The city in Apoc. El (C) remains unnamed but it is very doubtful that there are either connections to Egyptian royal mythology or to Aristonicus’s “city of the Sun” here. Collins remarks that since Apoc. El (C) is an Egyptian text “The literary tradition regarding that native king obviously plays a part in the righteous king from the ‘city of the sun’ (2:46) who comes to power in Memphis and introduces ‘abundant well-being’ (2:52) [. . .] in the OP.” 57
And yet a reading of Apoc. El (C) 2:46-52 does not match this:
In those days, a king will arise in the city which is called “the city of the sun,” and the whole land will be disturbed. (He will) flee to Memphis (with the Persians) [. . .] Even the remnant, who did not die under the afflictions, will say, “The Lord has sent us a righteous king so that the land will not become a desert.” “He will command that no royal matter be presented for three years and six months/The land will be full of good in an abundant well-being.” “Those who are alive will go to those who are dead, saying, “Rise up and be with us in this rest.”
The period of 3 years and 6 months reflects Dan 7:25; otherwise, the rest of the phraseology of the author remains, in our opinion, too vague for it to be linked directly to any Egyptian royal mythology. “Abundant well-being” is also too vague an idea, spread throughout kingship in the Ancient East and, of course, expected from Hebrew and their Christian-messianic offshoot kings as well. 58 Again, Memphis was in steep decline when the author of Apoc. El. (C) wrote his lines and was more likely a familiar place in the region that he knew (he was far less interested in world affairs, as they could be understood, then the sibyllists). 59 There is no reason to think that reference to the old, Pharaonic Memphis is intended. On the other hand, the reference to the former “rulers of Egypt [. . .] because your day has passed” may be a remembrance from Hebrew bondage as told in the Pentateuch.
Conclusion
As final considerations, we may advance some issues regarding the figure of the “King from the Sun.” Judging from the earliest evidence from the OP, not to mention Pharaonic titles themselves, the title is an Egyptian invention. It appears only in much later texts related to Anatolia or Asia at large. However, it is precisely those later usages that interest us here: the reference in Sib. Or. 3.652-656 and Apoc. El. 2:46 on one side and Sib. Or. 13.147-171 on the other. This happens because the first two references relate to an indistinct figure in the future, who displays strong messianic character. The “King from the Sun” in Sib. Or. 13 is, on the other hand, a fierce ruler who is acting at the time of writing (since the sibyllist shows nothing about his death), and one whom we know fairly well: Odenath of Palmyra. It is fair to say that he is the last “King from the Sun,” or from the East. His representation blends messianic features with other features that we know from historic sources (he is deceitful when it comes to war, for example—a reference to his guerrilla warfare against the Persians).
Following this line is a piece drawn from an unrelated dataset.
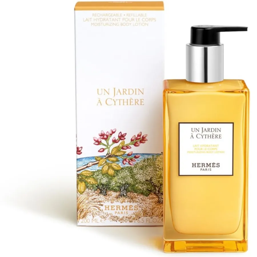 Wenn Sie Ihren Körper mit der Moisturizing Body Lotion eincremen, erfüllt Sie pures Wohlbehagen. Die seidige Creme verschmilzt nahezu mit der Haut und hinterlässt ein angenehmes Gefühl. Auch zieht sie schnell ein, ohne einen klebrigen Eindruck zu hinterlassen. Die Haut wird genährt, beruhigt und nachhaltig mit Feuchtigkeit versorgt, fühlt sich weich, zart und geschmeidig an.Die Hermès Bodylotion ist angereichert mit dem edlen Duft Un Jardin à Cythère. Er präsentiert sich wie ein bunter Garten voller Überraschungen. Der holzige Zitrusduft zeigt sich sommerlich und sonnig, mit Gräsern und mediterranen Akzenten. Nach dem Eincremen bleibt der Duft lang anhaltend, aber dezent haften und wird zum verführerischen Begleiter für den ganzen Tag.

Another, very important issue is to try to understand how this title or its variations—“King from the Sun,” “king born of the Sun,” “king sent from the Sun,” even the “last priest of all sent from the Sun”—were used over and over again following their Egyptian royal origin to Jewish and Christian contexts. It would require a close study of how an idea was appropriated and then given other meanings by peoples other than Egyptians; in short, the history of an idea.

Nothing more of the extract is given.